**Task directions**
Everything in the listing below should be repeated verbatim, apart from the pictures.

**Supplied data**
------
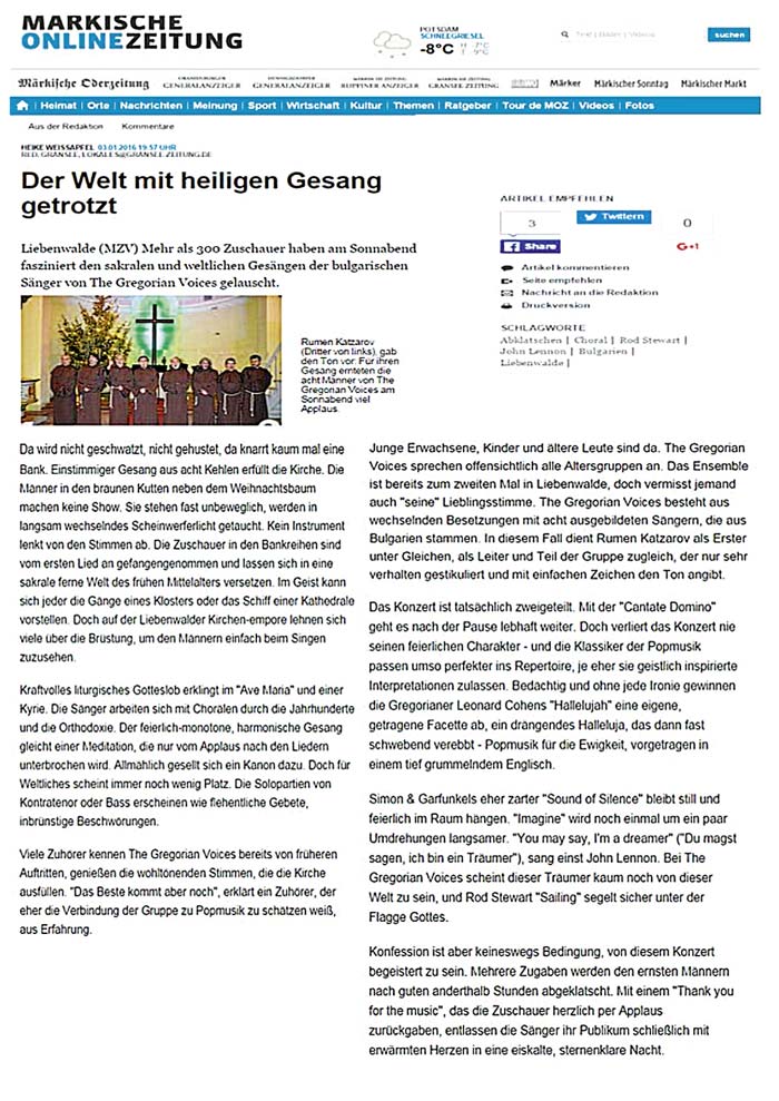 Seit dem Frühjahr 2011 ist die Gruppe THE GREGORIAN VOICES mit ihrem Leiter Georgi Pandurov und acht außergewöhnlichen Solisten auf Tournee in Europa. Das Ensemble erhielt mehrere internationale Auszeichnungen. Außerdem wurde den Mitgliedern der Gruppe die seltene Erlaubnis zuteil, während der Konzerte Mönchsgewänder zu tragen.
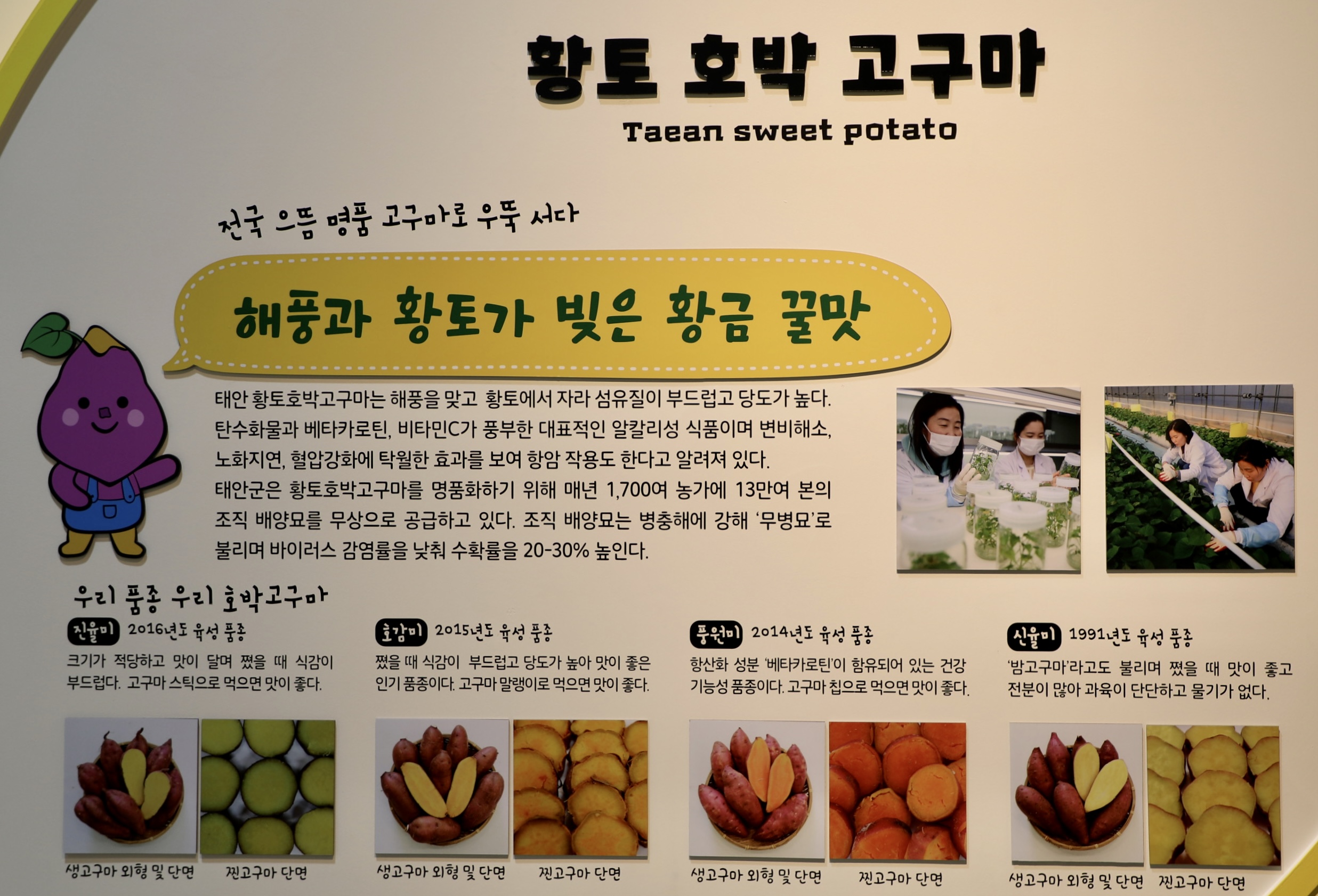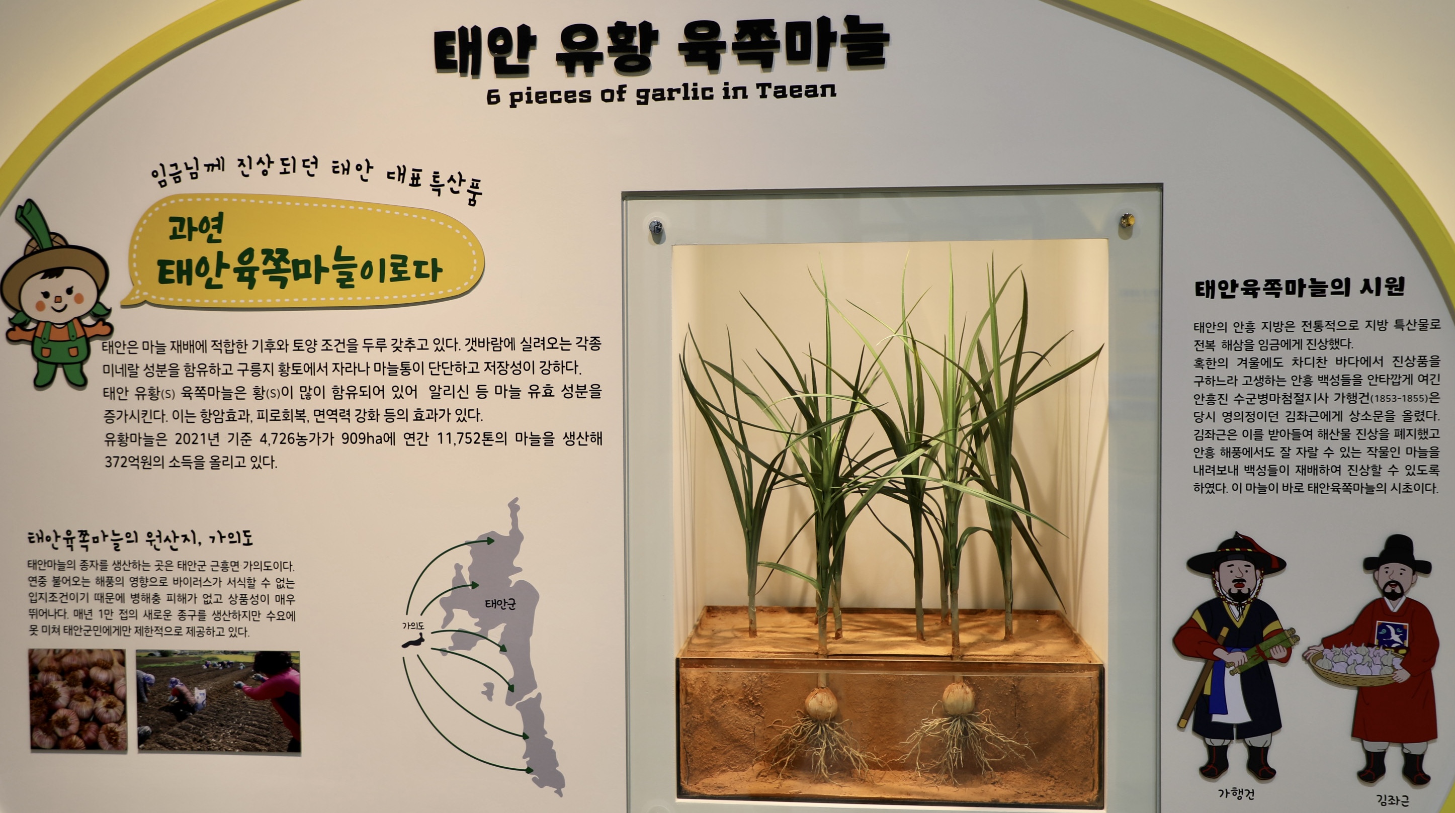 전시관에서는 태안의 여섯 가지 농작물 보물에 대한 설명으로 채워졌다.
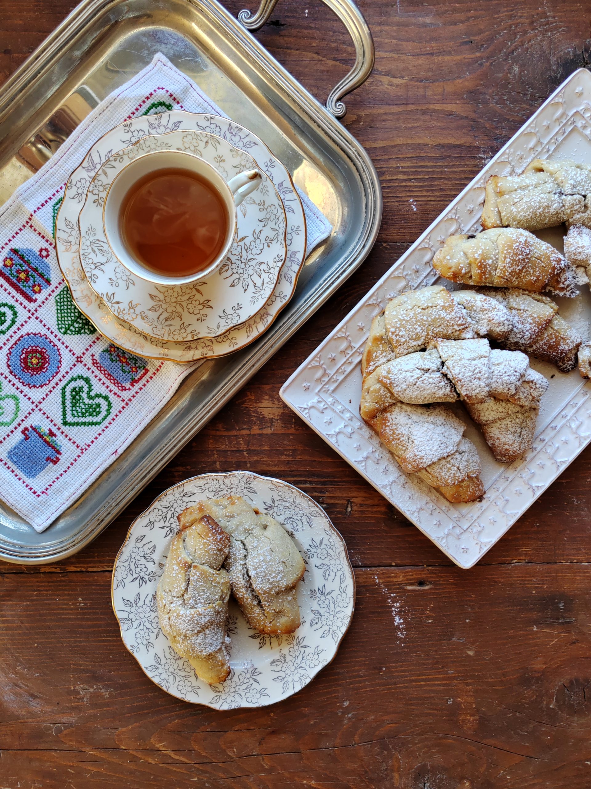 • Spalmate della crema spalmabile all’interno di ogni triangolo e avvolgete cominciando dalla parte più larga formando i classici cornetti.
------
**Reply to the task**
 Seit dem Frühjahr 2011 ist die Gruppe THE GREGORIAN VOICES mit ihrem Leiter Georgi Pandurov und acht außergewöhnlichen Solisten auf Tournee in Europa. Das Ensemble erhielt mehrere internationale Auszeichnungen. Außerdem wurde den Mitgliedern der Gruppe die seltene Erlaubnis zuteil, während der Konzerte Mönchsgewänder zu tragen.
 전시관에서는 태안의 여섯 가지 농작물 보물에 대한 설명으로 채워졌다.
 • Spalmate della crema spalmabile all’interno di ogni triangolo e avvolgete cominciando dalla parte più larga formando i classici cornetti.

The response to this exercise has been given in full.